Five IDs are displayed here. Three transcripts with the NCBI gene ID 7089 exist: 3047633, 3029612, and 3029165; the promoter sequences for these transcripts are retrieved and taken into account for analysis.

Significant motifs and the variants

BRE-D, RTDKKKK and ATTTTTT are the overrepresented motifs and variants.It displays the position range in the block, the p-value, and the position of variants in the provided source sequences.

A pictorial representation for detection of common variants

Co-occuring motifs and the variants

The variants are displayed, and the overrepresented co-occurring motifs are BRE-U (SSRCGCC) and BRE-D (RTDKKKK).
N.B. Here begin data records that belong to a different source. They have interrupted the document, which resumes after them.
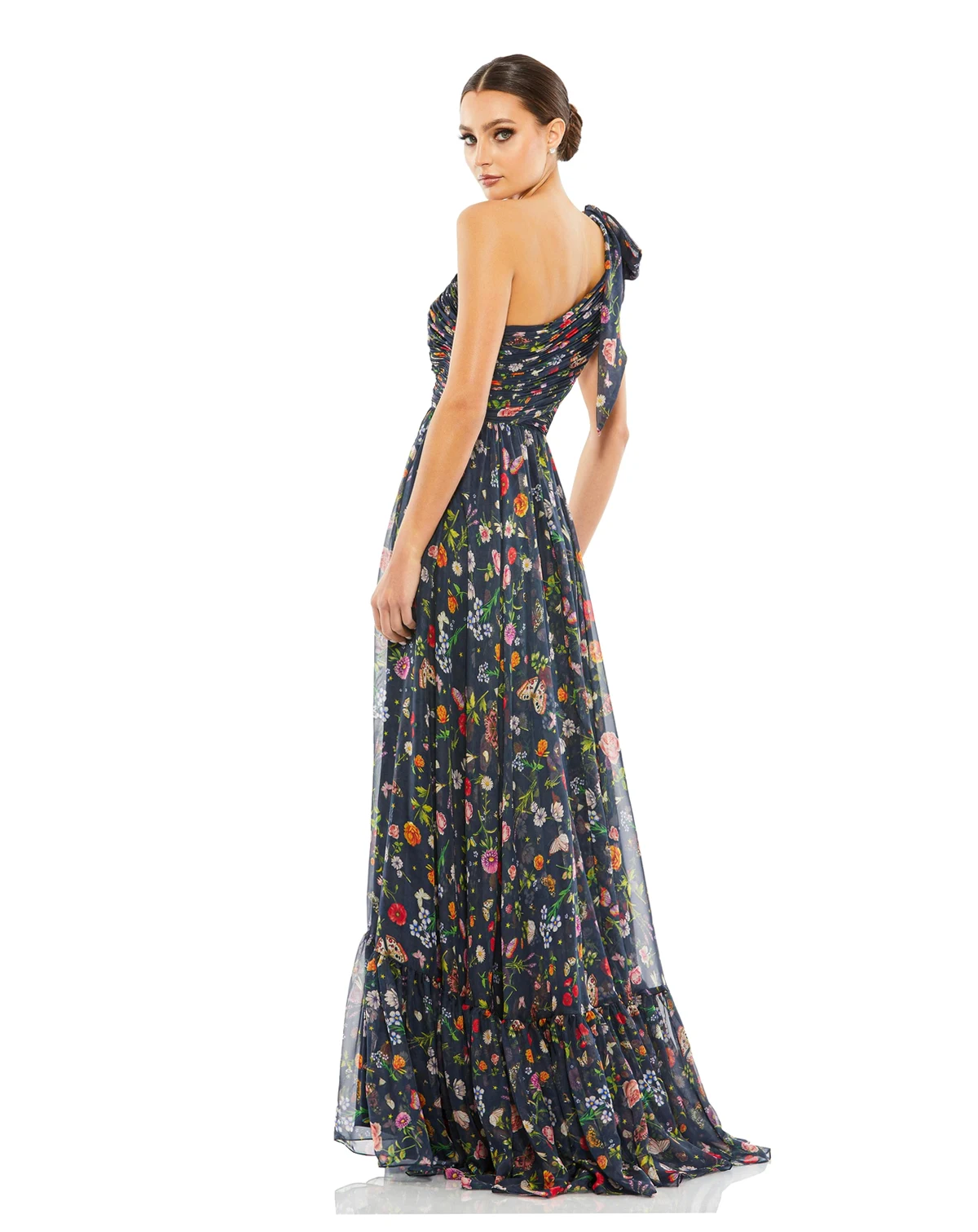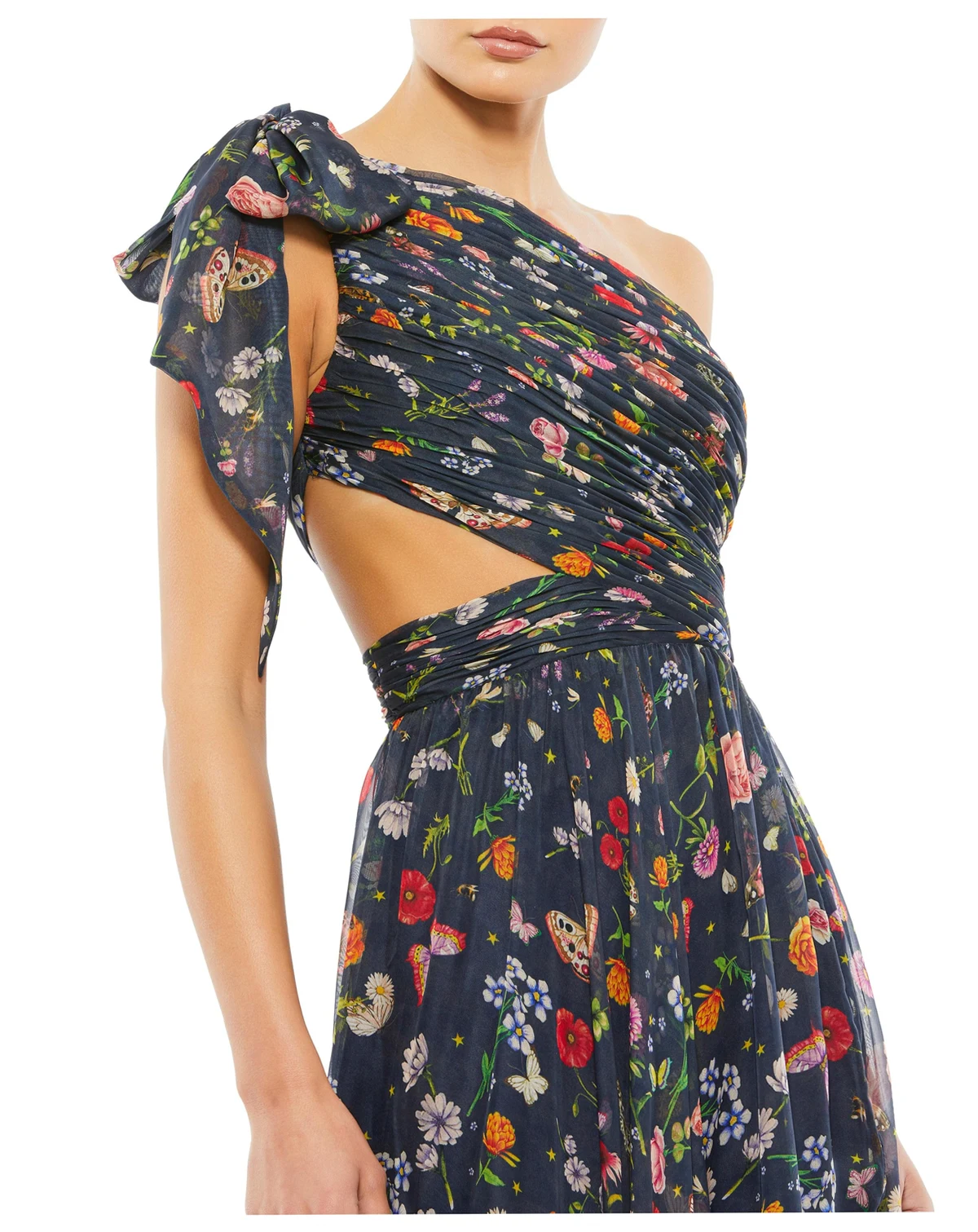 This flowy gown features a tied one-shoulder design and a chic cut-out detail, offering a modern yet elegant look. Perfect for formal occasions, it exudes effortless sophistication.
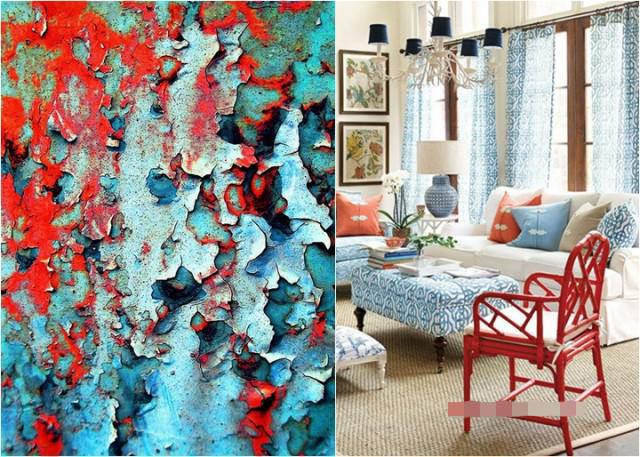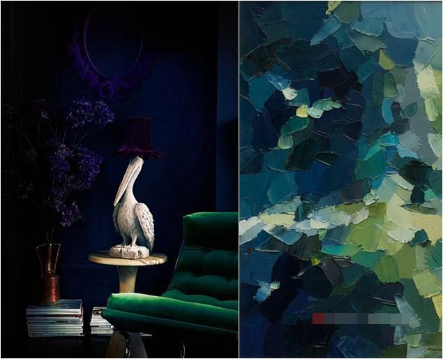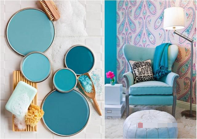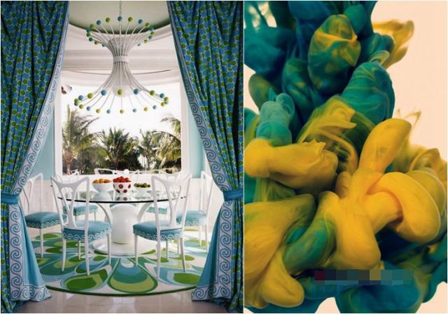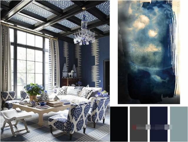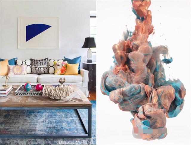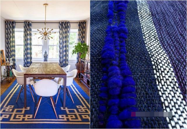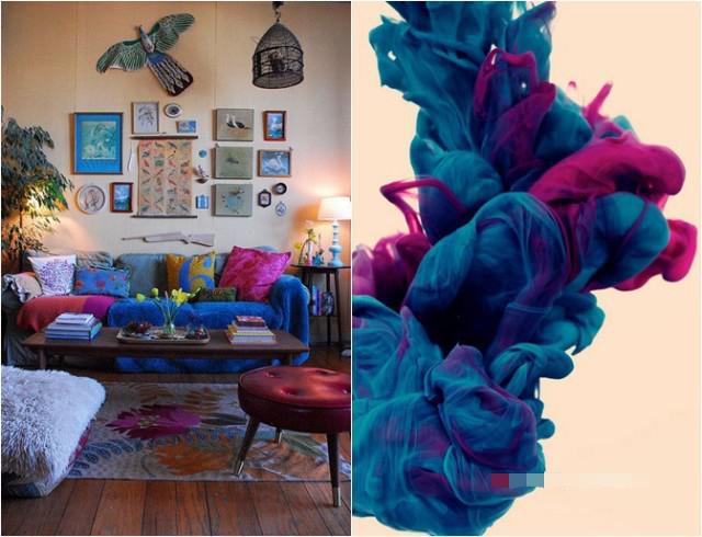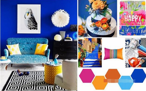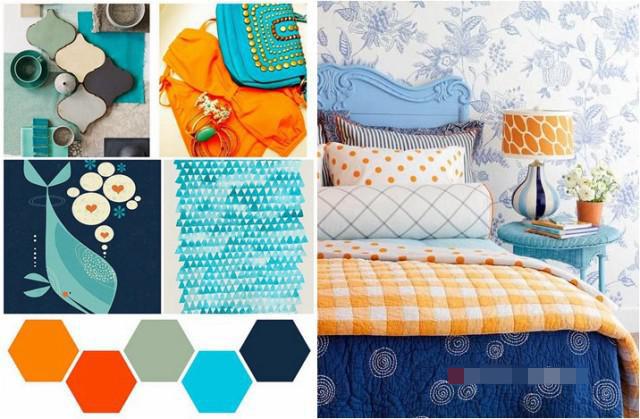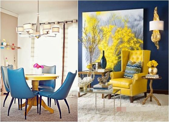 藍色與枚紅色、黃色搭配讓空間充滿時尚、青春活力,配以深藍色和白色讓空間沉穩(wěn)安靜下來,比例很重要。
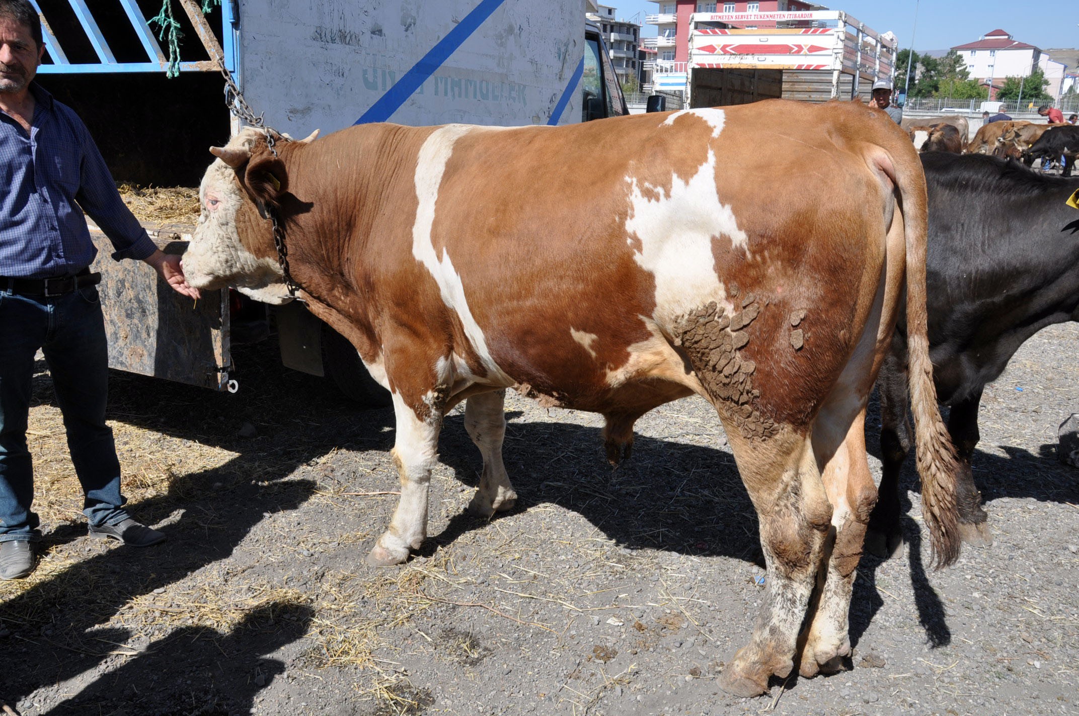Kars’ta kurban pazarına getirilen küçük ve büyükbaş kurbanlıklar alıcı beklerken, pazarın gözdesi 700 kiloluk ‘Mercan’ 11 bin TL’ye satıldı.
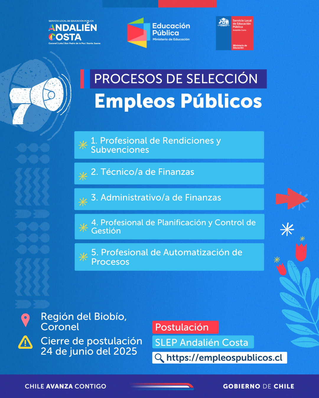 El Servicio Local de Educación Pública Andalién Costa informa la apertura de un nuevo proceso de selección de profesionales para desempeñarse en SLEP Andalién Costa en nuestro proceso de poblamiento, donde buscamos ampliar nuestros equipos de trabajo. Este nuevo concurso público cuenta de un total de 16 procesos de selección para cubrir 19 vacantes disponibles en nuestro […]
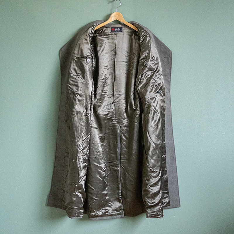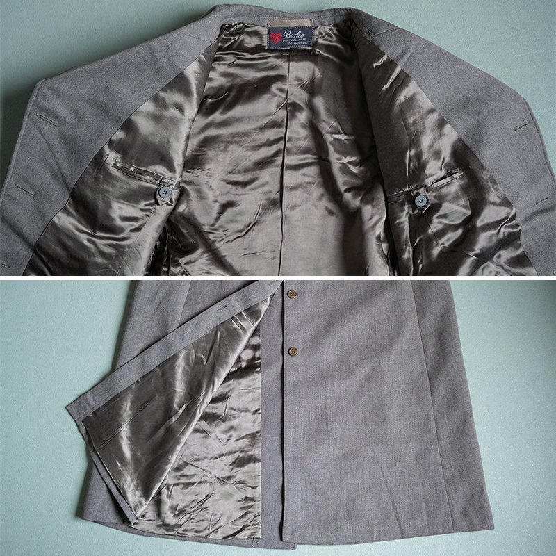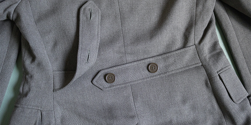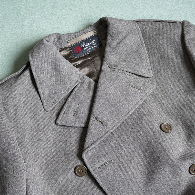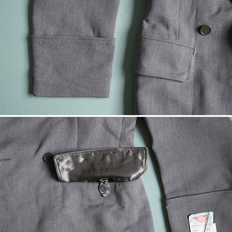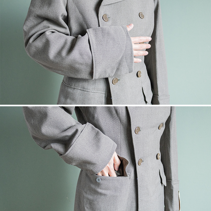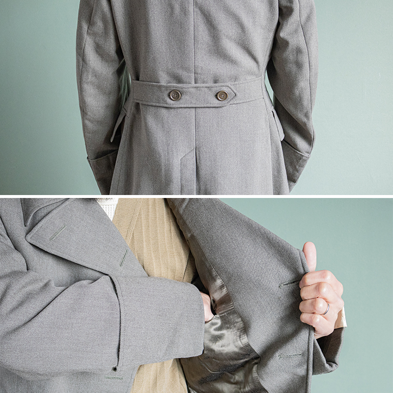 折ダブルブレストの前立て、広めのラペル、折り返しカフス等のデザインが雰囲気を醸します。

Additionally, the "significant covariants" button for each query motif provides access to the co-occurring variants of each query motif.

A pictorial representation for detection of cooccuring variants

Submotifs

The derived subconsensus of significant motif variants (BRE-D (RTDKKKK)) is represented by the blocks RTKKTKT, RTKTTKK, RTGKKKK, and RTKKTKK.

Graphical summary of the variants

A line graph displays every variant found in each of the source sequences.By clicking on the red vertical line markers, the variants and the positions are shown with highlighted markers.

Tabular summary of the variants

The complete set of variants for each source sequence is displayed. The table has two rows: the first row displays non-overlapping blocks with mouse-over details, and the second row displays overlapping blocks. Each of the queried motifs' variants and locations are displayed.